» **Work request**: Your response to the data below should hold nothing except the lines from the one containing "s, 10-Bit ADC" down to the one containing "- Часть единой", reproduced exactly and without pictures.

» **Data to process**:
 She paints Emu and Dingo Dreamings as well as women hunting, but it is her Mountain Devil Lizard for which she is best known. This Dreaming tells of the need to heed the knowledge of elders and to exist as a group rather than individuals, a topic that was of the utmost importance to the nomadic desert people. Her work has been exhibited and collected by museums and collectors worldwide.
==
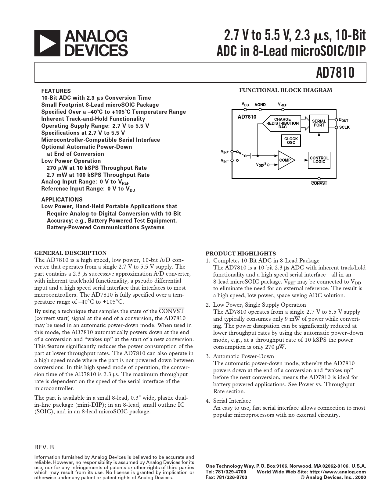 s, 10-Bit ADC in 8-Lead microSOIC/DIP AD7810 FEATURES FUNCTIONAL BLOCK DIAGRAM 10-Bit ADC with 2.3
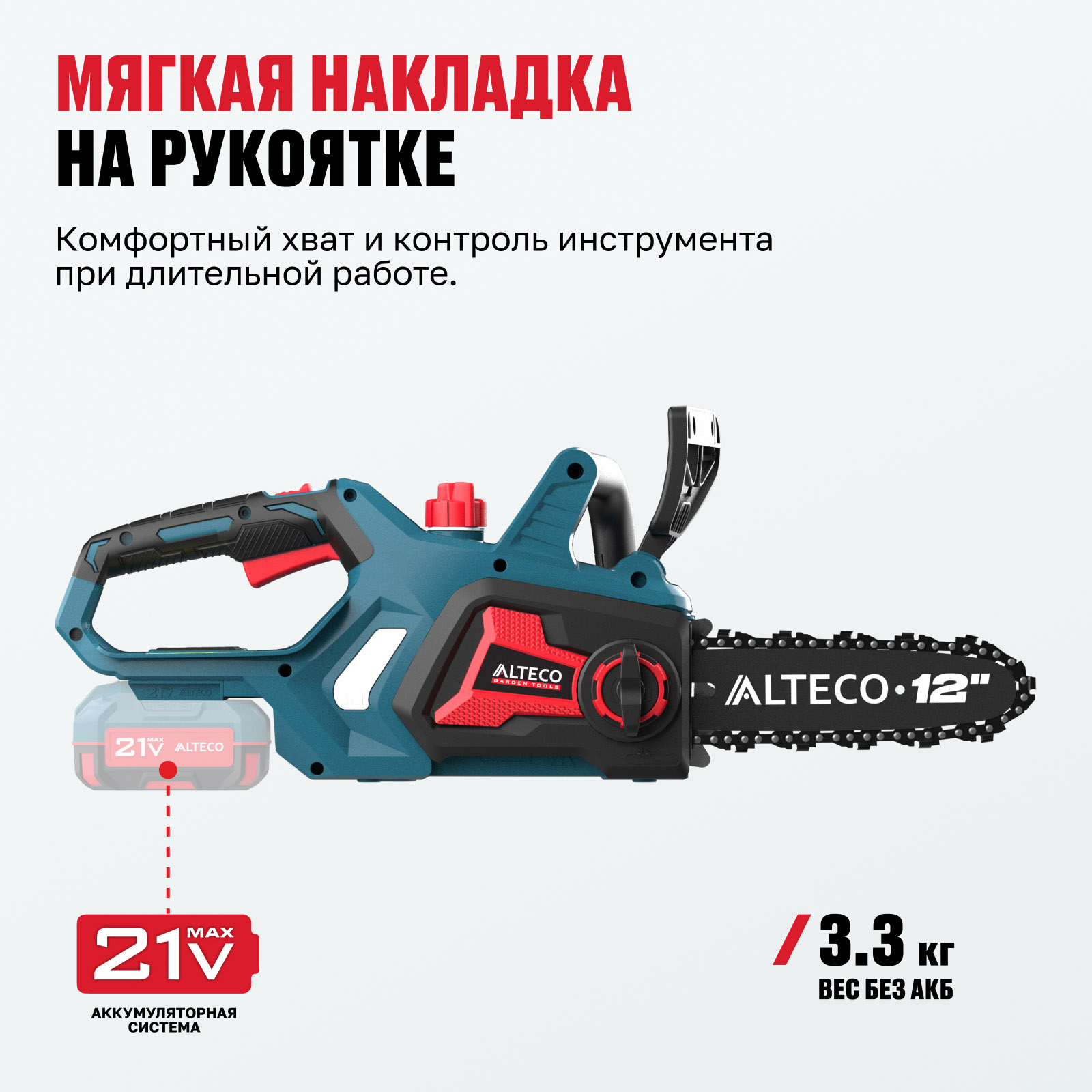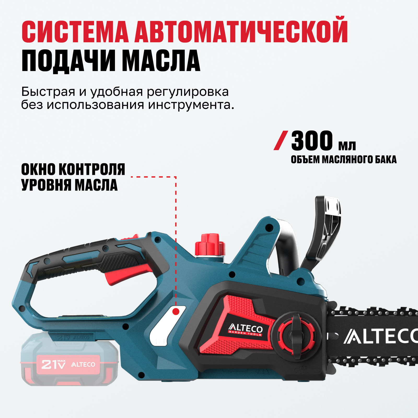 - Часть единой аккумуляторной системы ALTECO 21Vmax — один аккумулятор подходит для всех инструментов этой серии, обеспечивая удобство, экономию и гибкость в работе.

» **Task result**:
 s, 10-Bit ADC in 8-Lead microSOIC/DIP AD7810 FEATURES FUNCTIONAL BLOCK DIAGRAM 10-Bit ADC with 2.3
 - Часть единой аккумуляторной системы ALTECO 21Vmax — один аккумулятор подходит для всех инструментов этой серии, обеспечивая удобство, экономию и гибкость в работе.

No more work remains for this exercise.